• [Your goal]
Output, word for word, the line that contains "Bild links: Kalb" and all lines following it to the end of the listing. Drop the pictures.

○ ○ ○ ○ ○

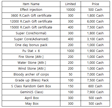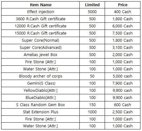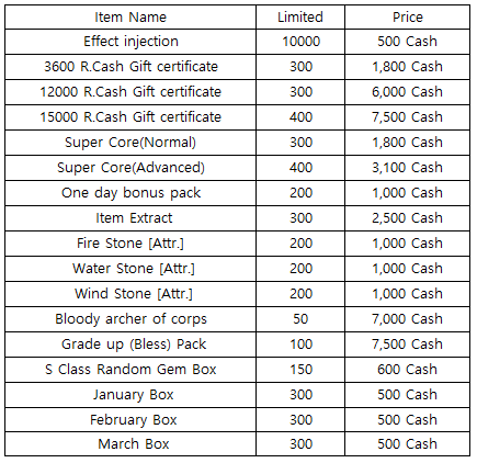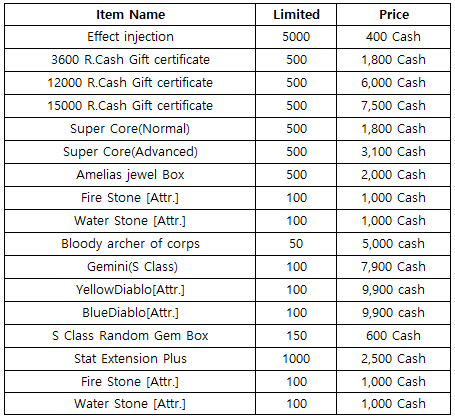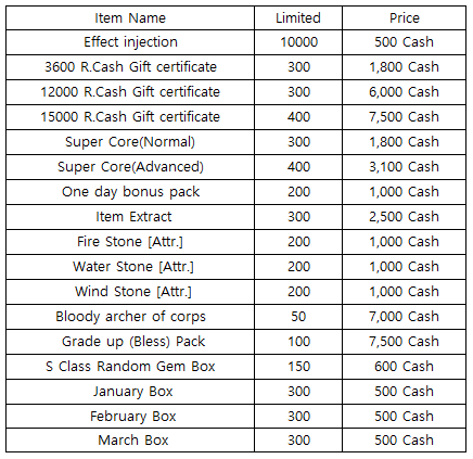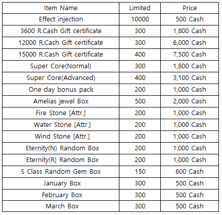 3) Happy Hour event(When you stay at the server at this time, you will get rewards) - 18:30 : 1000 R.Cash Gift certificate - 19:30 : One day Bonus Pack - 20:30 : Super Core(Normal)
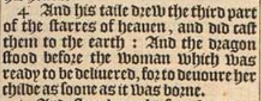 4 And his taile drew the third part of the starres of heauen, and did cast them to the earth: And the dragon stood before the woman which was ready to be deliuered, for to deuoure her childe as soone as it was borne.
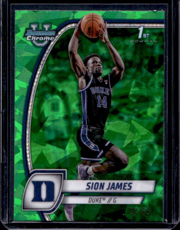 The Sion James 2024 Bowman Chrome University Sapphire Edition #63 Green Refractor /65 card is 1 of 18 Sion James' card variations in the 2024 Bowman Chrome University Sapphire Edition set being tracked by Sports Card Investor, including Base, Purple Refractor /100, Yellow Refractor /75, Gold Refractor /50, and Orange Refractor /25.
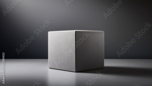 a minimalist concrete cube placed on a smooth grey background with soft lighting portraying simplicity and solidity this is an empty space and copy space mockup
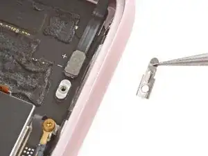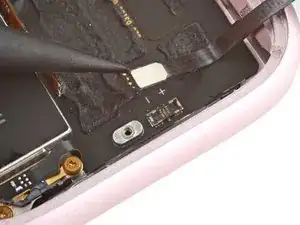 С помощью пинцета снимите крепление разъёма батареи.
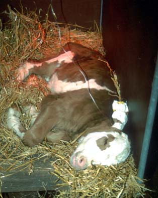 Bild links: Kalb mit schwerer Blutazidose. Das Tier wird über eine
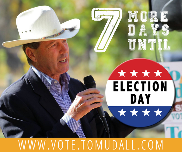 There are 7 days left in this election. Do you know when & where you’ll vote? Plan it out: http://vote.tomudall.com pic.twitter.com/bROzQjjRvC
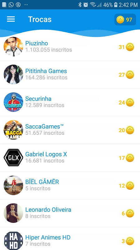 Cada moeda tem o valor de 1 inscrito, se você se inscrever em um canal de uma pessoa você ganha 1 moeda e se alguém se inscrever no seu você perde uma moeda

○ ○ ○ ○ ○

• [Result]
 Bild links: Kalb mit schwerer Blutazidose. Das Tier wird über eine
 There are 7 days left in this election. Do you know when & where you’ll vote? Plan it out: http://vote.tomudall.com pic.twitter.com/bROzQjjRvC
 Cada moeda tem o valor de 1 inscrito, se você se inscrever em um canal de uma pessoa você ganha 1 moeda e se alguém se inscrever no seu você perde uma moeda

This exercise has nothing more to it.